Thanks in advance for the help you guys rock! <<As mentioned above,
I am a stickler for NOT adding sand from another aquarium to one of
mine, if any, it would be just a cup full to add life. As long as the
sand is cleaned though, you should experience any problems if adding in
small amounts>> <<Thanks for the questions, hope this helps. Regards,
A Nixon>> BGA
5/24/08 Hola crew! <Hello John!> I have corresponded
before but this is a new topic. I have read the sections on Cyano, and
would like to confirm my next steps. <OK> Background I
refinished, stained and varnished an older Dutch Aquarium 75G tank
drilled 2 1.5 “ drains, a 30 gallon sump / refugium / skimmer. 90 Lbs
Fiji LR; ASM G2; OR6500 Pump; 2 Koralia Nanos; 1 Maxijet 1200 Aqualight
Pro with 2 150W HQI 2 96W Actinics; Kent Maxima Hi S 60GPD RO/DI (0
phosphate measured) . I purchased the live rock in November, but then
had to have surgery, so I kept the rock in two rubber maid tubs under a
20 inch compact 10000 K / actinic with the G2 and an smaller OR3500,
RODI water changes every few weeks and an occasional deli shrimp to keep
things lively. Parameters stayed good after the cycle. Sadly no visible
worms or critters except some amphipods crawling on the rock. In
February I threw in a few snails and crabs to help things along and eat
a little algae.. FF to April 20 and, having managed to defer both
death and taxes until next year, <Can be quite a feat.> I put my tank up
with about 90 pounds of fine aragonite and set the tank on to cook. The
Aqualight was used so I changed the bulbs to new after about one week.

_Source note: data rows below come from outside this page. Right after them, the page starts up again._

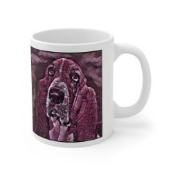 Keep cozy and warm with a nice cuppa, featuring the beloved Bassett Hound dog breed stylized in our Coloromo Plump Wine art on a ceramic mug. Lead and BPA-free, these durable mugs are also microwave & dishwasher-safe. Made of white, resilient ceramic in an 11-ounce size, this is the perfect gift for coffee, tea, and hot chocolate lovers.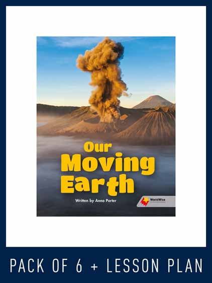 This pack includes six copies of the student book (9781760861353 – as described below) and a lesson plan (9781760861896).Title Information:Our Moving Earth: Our Moving Earth explains how the movement of the earth’s crust can cause natural disasters such as earthquakes, tsunamis and volcanoes, and it discusses the impact that these events can have. The book also explores how the movement of the earth constructs and changes landforms.Content vocabulary: aftershock, ancient, atmosphere, avalanche, calderas, continents, core, crust, dormant, earthquake, earthquake engineer, eruption, fault lines, geologist, geothermal, geyser, hazards, lava, magma, magnitude, mantle, plates, Richter scale, tremors, tsunamiKey concepts:Movement of the earth’s crust can change the earth’s surface and create new landformsMovement of the earth’s crust can cause natural hazards that have a great impact on peopleCertain parts of the world are more susceptible to natural disasters than othersReading Strategies: Interpreting graphic devicesRelated resource: Lesson Plan - Our Moving EarthSeries Information: WorldWise is a high-interest literacy program that encourages inquiry and questioning while extending knowledge in science and a range of STEM topics linked to the curriculum. This engaging program teaches reading strategies simultaneously with natural, earth and physical science concepts – reflecting the diversity of the world students live in.Students will develop strategies and skills to read informative texts across a range of text types while they learn to become informative text writers. With an assortment of text types on offer, th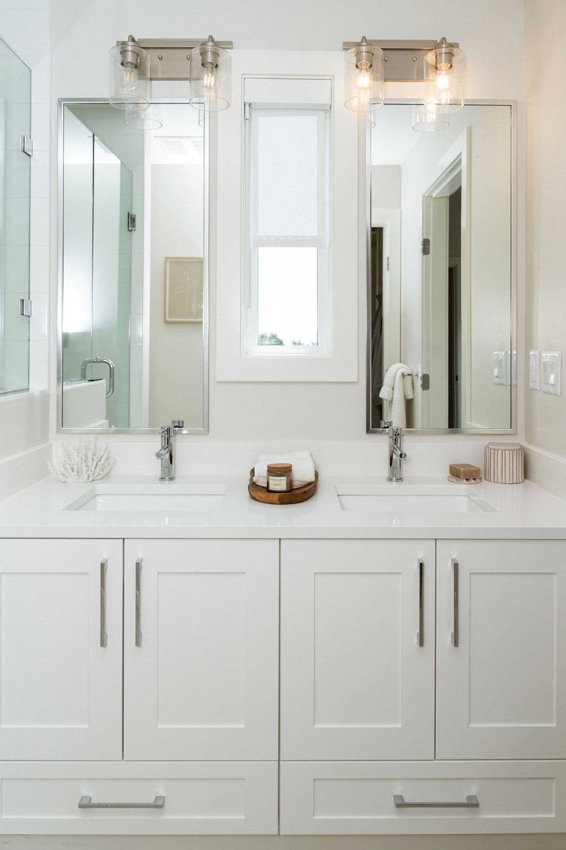 - Undermount sink in en suite and powder room; top-mount sink in main bath

Ammonia nitrites and nitrates 0-0-0, SG at 1.026 temp around 79-80 no
detectable phosphate,. <All sounds good.> After waiting about two
weeks with no parameters changing I purchased a 7 small corals
(Euphyllia divisa, Euphyllia glabrescens, Pink Acanthastrea (Lord?), a
Zoa rock, selected mushrooms (Rhodactis, Actinodiscus, Sarcophyton I
think ). Then being stupid and overconfident, I started adding some
AquaVitro Calcification to boost calcium from 375 to 425 and accepted 4
creatures from a friend of a friend (Amphiprion percula, Sphaeramia
nematoptera, stenopus hispidus, and a yet unidentified tang (maybe
hybrid Powder blue / chocolate))who was shutting down her tank and
wanted them to go to a good home. Ha, fooled her. <!> I have been
trying to feed once per day, occasionally less, rarely more, alternating
Rods Food and Sectrum Thera plus (which they ate at their previous
home). Tang seems happy and some surplus algae keeps him well fed. Water
change too low at 10% every two weeks. <Yes, double the frequency.>
Then I noticed one patch, then two then three on the rock of wavy bubbly
green stuff. BGA.. Mostly in partially shaded and less intense flow
spots. I have to assume my organic waste outpaced my bacterial growth
curve. Still no detectable ammonia or nitrites or nitrates but the proof
is in the slime. <Yes it is.> After spending the last day reading
everything in your forum, I am 1) Upping water changes to 20%
weekly. 2) Vacuuming the Cyano off the rock when changing <#1 and
2 will have a big impact on the BGA.> 3) Not planning on using
antibiotics. Instead, I have rounded up about a quart or two of
established tank sand from 3-4 tanks, throwing half in the tank and half
in the refugium. <This is a good idea to help seed your sandbed
further.> 4) I have stopped using the AquaVitro calcifihoozy <You
will want some sort of Ca/Alk supplementation as needed. You may find
that the increased water changes will take care of this for the time
being.> 5) I am cranking my skimmer up to colorless skimmate. 6)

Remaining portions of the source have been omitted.